Screening of oils, surfactants, and co-surfactants
A primary examination of numerous oils, surface-active agents, and co-surfactants has been completed to check their lodging capacity toward methotrexate. The miscibility of Methotrexate in numerous oils, surface-active agents, and co-surfactants has been identified by adding an extra quantity of drug into 2 ml of decided oil, surface active agent, and co-surfactant one after the other in a separate 10 ml volumetric flask via the use of a vortexing mixer. These volumetric flasks had been stored in an orbital shaker incubator (Remi, CIS24 BL, Mumbai, India) at 25±1.0°C for 72 h to attain a state of equilibrium. The samples which were equilibrated have been taken out from the shaker and centrifugation was done at 3000 RPM over 15 min by the use of centrifuge (Remi, India). Then, the supernatant formed has been taken and performed filtration of supernatant by using a filter paper. The methotrexate concentration has been identified in specific oil using UV-spectroscopy at 259 nm [19, 20].
Construction of pseudo-ternary phase diagram
The pseudo ternary phase diagrams had been constructed by using the method of aqueous titration to determine the region of nanoemulsion and to identify the size of the nanoemulsion region. For the construction of each pseudo-ternary phase diagram, the surfactant was mixed with co-surfactant (Smix) in the ratio of 1:1, 1:2, 1:3, 3:1, and 2:1 (i.e., Km, w/w). Then the part of each Smixhas been combined with the oil in the ratio of 9:1, 8:2, 7:3, 6:4, 5:5, 4:6, 3:7, 2:8, and 1:9 (w/w). By vortexing with vortexer for 5 min, a transparent homogenous mixture of oil and the Smix component had been prepared [18]. Then titration of each mixture was carried out in drop by drop method with distilled water and prominently viewed for clarity of phase and ability to flow. The volume of water at which the transitions from transparency to turbidity occurred was supposed to be the titration’s endpoint. From this titration method, the ratio of surfactant/co-surfactant (Smix) has been determined. These estimated values were utilized to identify the region of the nanoemulsion formulation with the selected amount of oil and surfactant and co-surfactant (Smix). Then the drug effect on the boundary of nanoemulsion that has been obtained from the pseudo ternary phase diagram was checked. The pseudo ternary phase diagram was constructed using the ProSim Ternary Diagram software [21, 22].
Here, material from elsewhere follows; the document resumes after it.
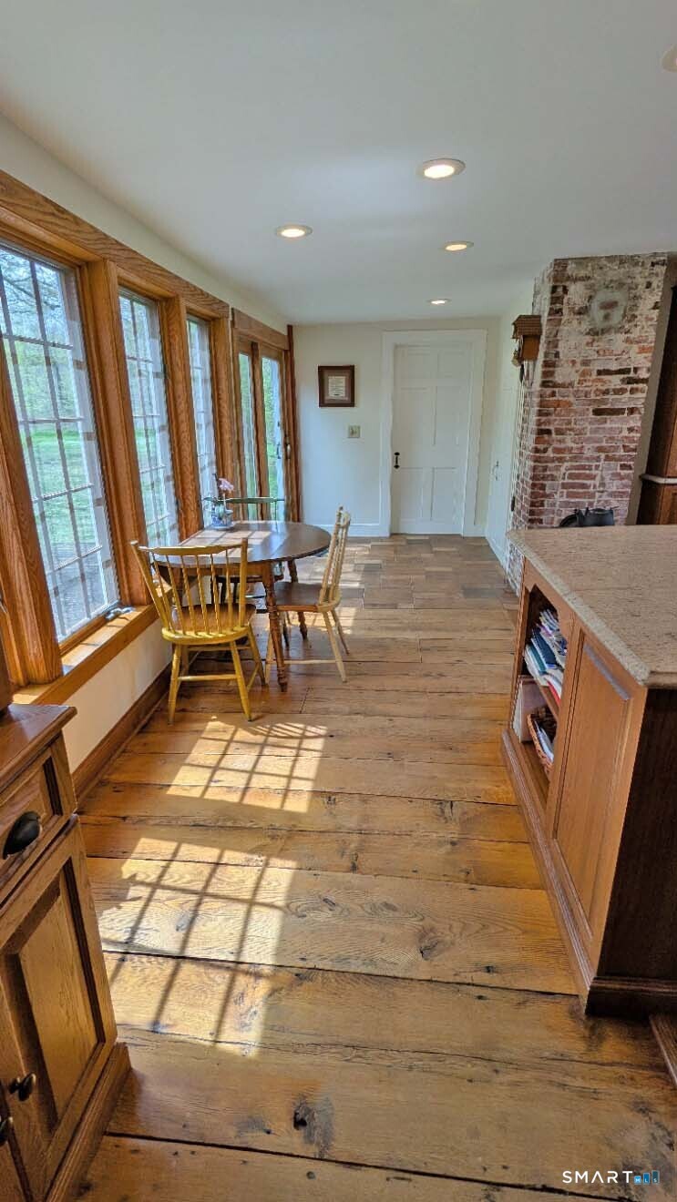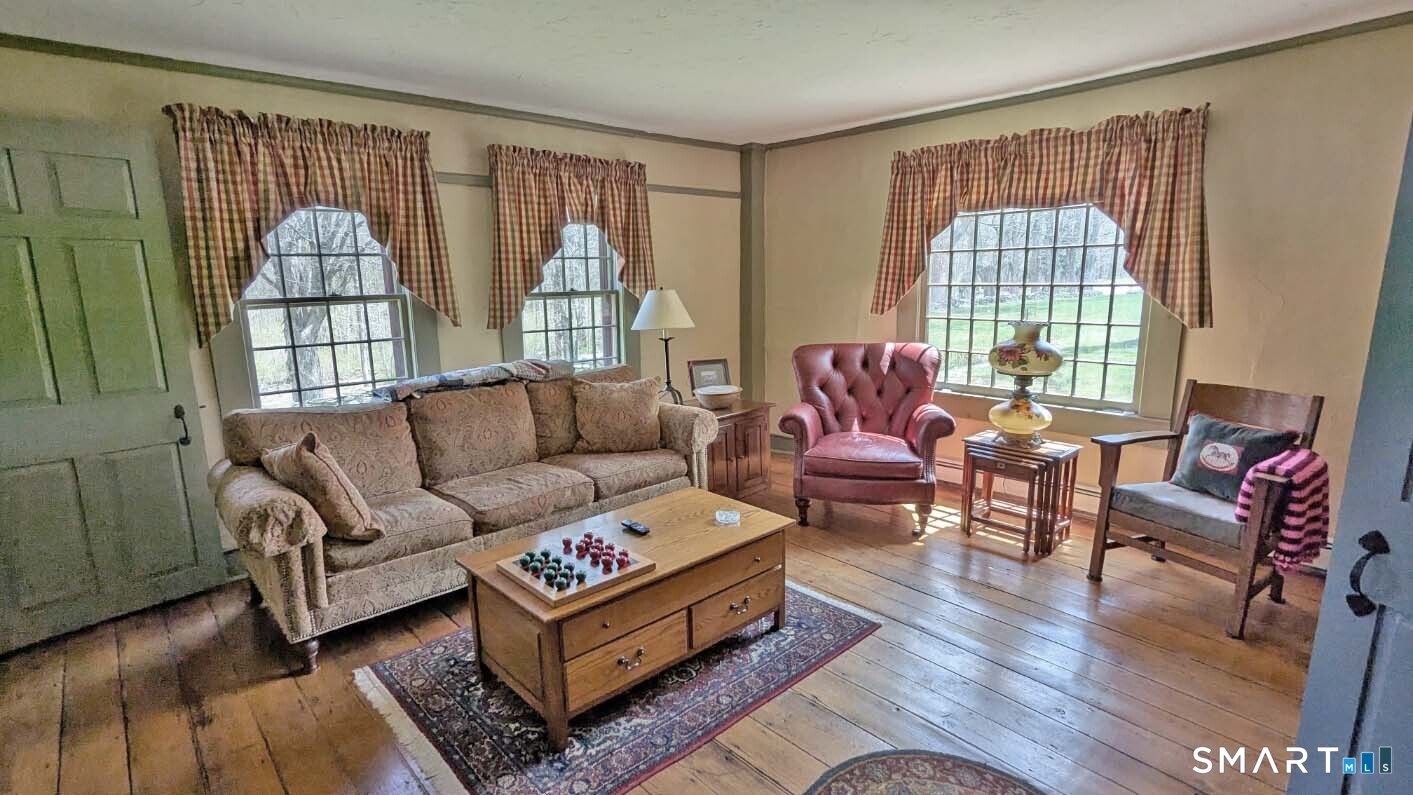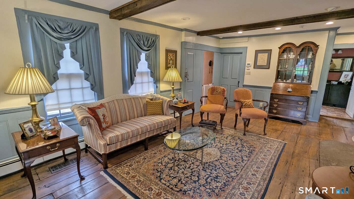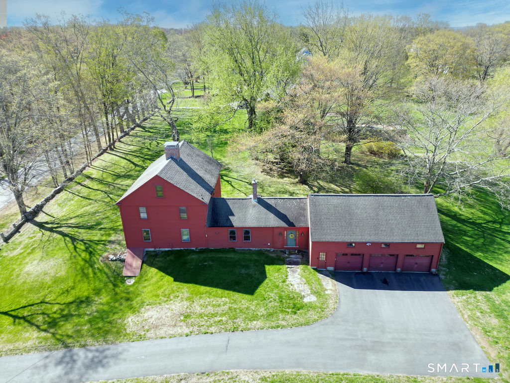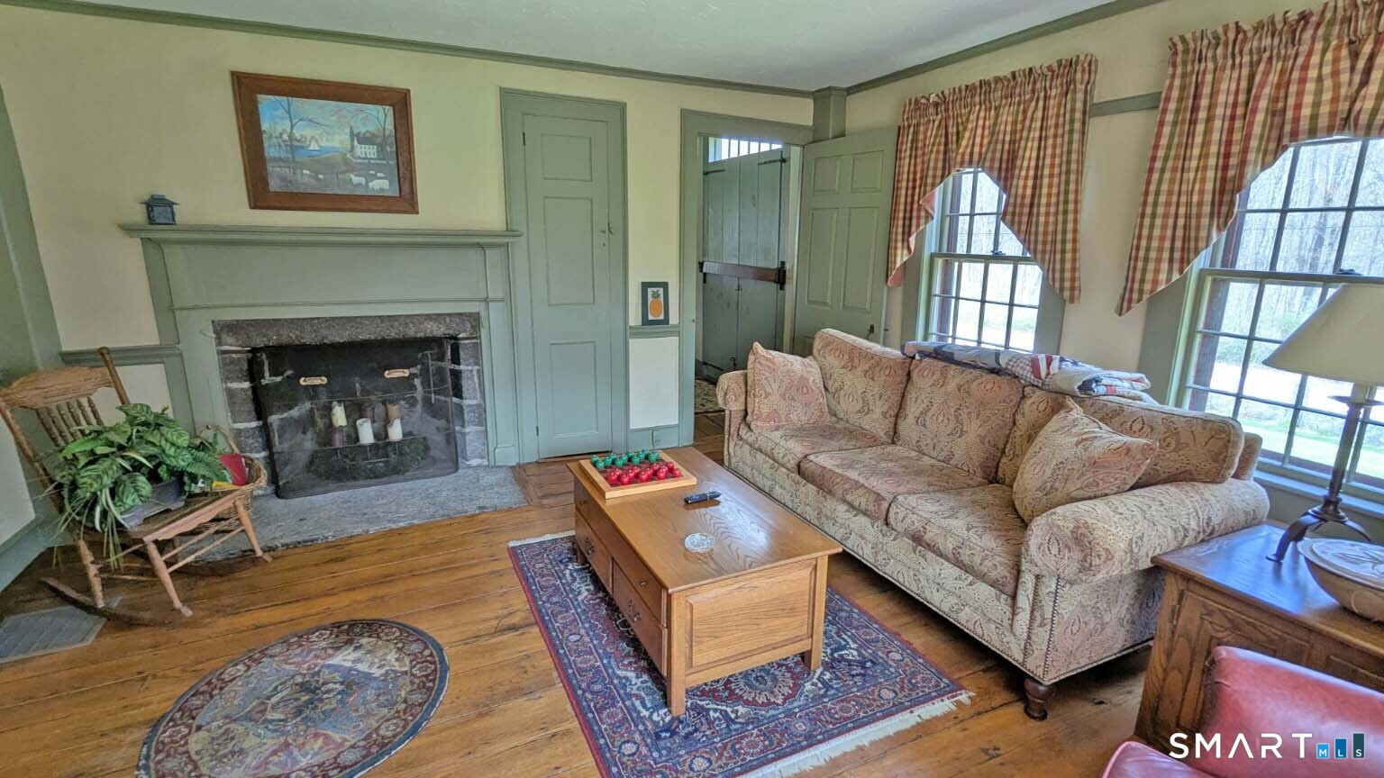 Built in 1750, this beautifully updated and meticulously maintained historic home blends timeless character with modern comfort. Rich wide-board floors and classic 12-over-12 windows highlight its heritage, complemented by four fireplaces throughout the home. The inviting kitchen features granite countertops, custom cabinetry, a wood stove, and abundant natural light from multiple windows and a sliding door leading to the patio-perfect for everyday living and entertaining. A charming library with custom built-ins sits just off the kitchen, offering a cozy and functional retreat. Both the living and dining rooms showcase impressive fireplaces with updated liners, enhancing both style and efficiency. Two staircases provide convenient access to the second floor, where you'll find two spacious bedrooms, a beautifully remodeled full bath, and an additional room ideal for a nursery. An open landing area between the bedrooms offers flexible space for a home office or playroom. Set on 3.8 acres of rolling, usable land, the property also features a new driveway, an expansive three-car garage with a loft workshop-perfect for hobbies, storage, or creative pursuits, a barn and a well house. A rare opportunity to own a thoughtfully preserved historic home with modern updates in a serene setting. Country living at its best.

Preparation of methotrexate loaded nanoemulgel
Formulation of methotrexate nanoemulsion
Methotrexate (1%) was added to the mixture of tween 20, PEG 400, and peanut oil ratios (table 1) taken from the pseudo ternary phase diagram. The water was then added dropwise to the above solution and stirred at room temperature [21].
Formulation of methotrexate nanoemulgel
A measured amount of badam gum was added to distilled water and mixed it properly using a magnetic stirrer. The stirring was carried out uniformly and the gel was placed in the refrigerator for 24 h. The formulation (F1-F3) was prepared using S3 nanoemulsion containing a Smix ratio of 3:1 given in table 2 [5].
Table 1: Composition of nanoemulsion with selected oil, surfactant, and co-surfactant
Nanoemulsion code | Smix* | Excipients (%w/w) | ||
Peanut oil | Tween20:PEG400 (Smix) | Water | ||
S1 | 1:1 | 15 | 45 | 40 |
S2 | 2:1 | 10 | 45 | 45 |
S3 | 3:1 | 10 | 40 | 50 |
Note: Smix represents the ratio of surfactant to cosurfactant.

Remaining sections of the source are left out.